Fano resonance changes induced by cell attachment and spreading were analyzed using the dA method22,23,46, according to the equation:

$${\rm{d}}A={\sum }_{\lambda =650}^{\lambda =600}|\frac{I(\lambda )-{I}_{0}(\lambda )}{{I}_{s}(\lambda )}|$$

where dA is the SPR response, I0 (λ) is the intensity of the referenced spectrum (time = 0), I (λ) is the intensity of the spectrum at the indicated time point and Is (λ) is the intensity of a constant wavelength (resonance substrate mode), which served as an internal control.
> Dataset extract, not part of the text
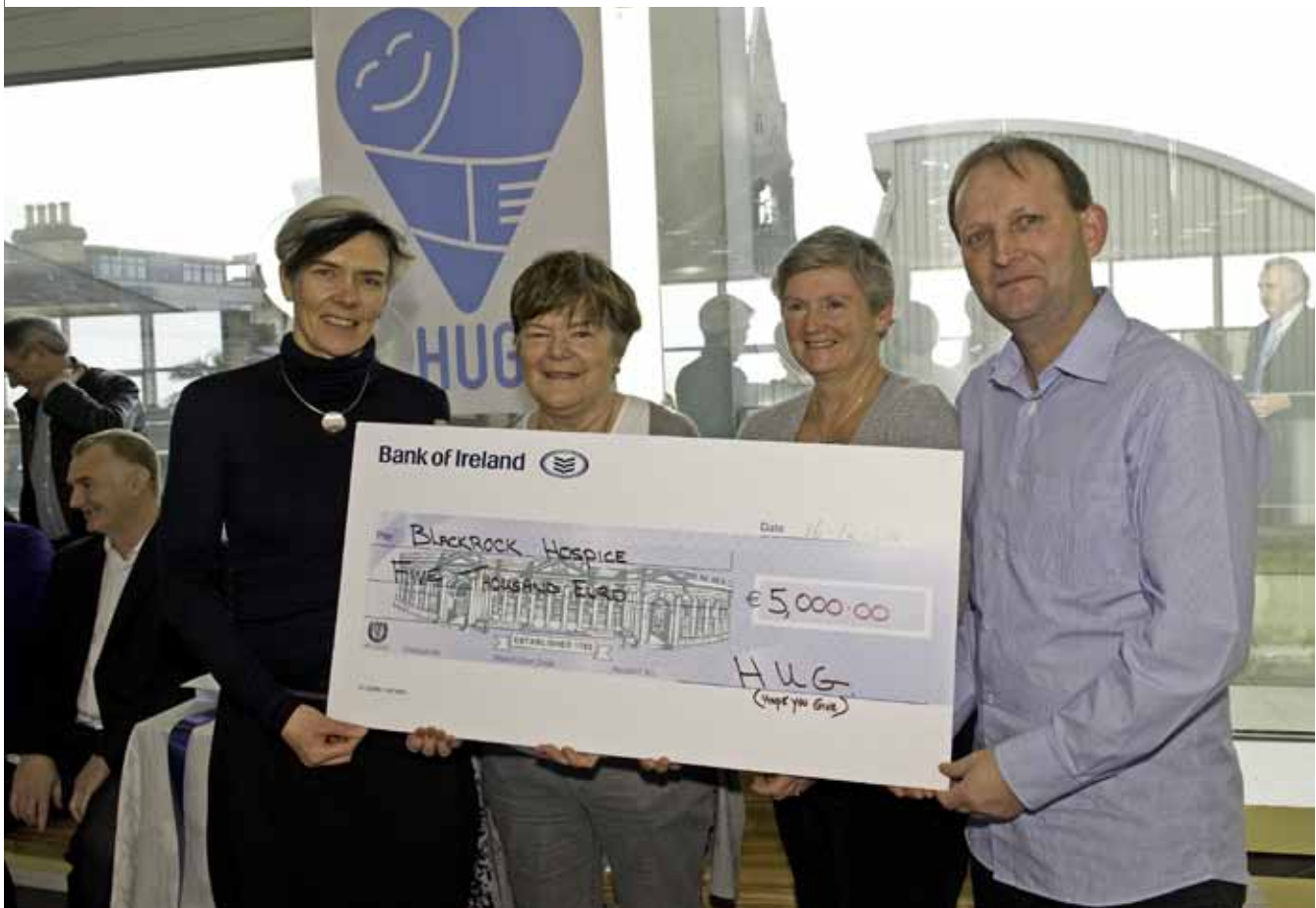
HUG ag bronnadh seic ar Ospis na Carraige Duibhe

Aithníonn an tOifigeach Leasa Foirne gábha neamhbhuana nó deacrachtaí pearsanta a bhíonn ag baill foirne más ag an obair nó sa bhaile é agus déileálann sé leo; soláthraíonn sé seirbhís rúnda chomhairleoireachta, atreoirithe agus eolais chomh maith.

The spectral integration region was from 600 to 650 nm, in which Fano resonance occurred at the Al/medium interface. The cell adhesion response curve was plotted as dA over time, and the curves were fitted with an equation (one-phase association) in Prism 6 software (GraphPad). The time constant was obtained from the fitted equation. The dI was calculated as:

$${\rm{d}}I={I}_{\max \,\lambda =645}^{\lambda =620}\,[{I}_{i}(\lambda )-{I}_{0}(\lambda )]$$

where the dI is the cell adhesion response, I0 (λ) is the intensity of the spectral band from 620 to 645 nm at time 0, Ii (λ) is the intensity of the spectral band from 620 to 645 nm at an indicated time point, Imax is the intensity peak of differential intensity spectral. The resonance dip shift, peak shift and the intensity peak of the differential spectra were obtained by fitting the data with a Gaussian distribution. The cell adhesion kinetic curves were plotted as dip shift, peak shift and dI over time and fit with the logistic equation for cell spreading to calculate time constants39.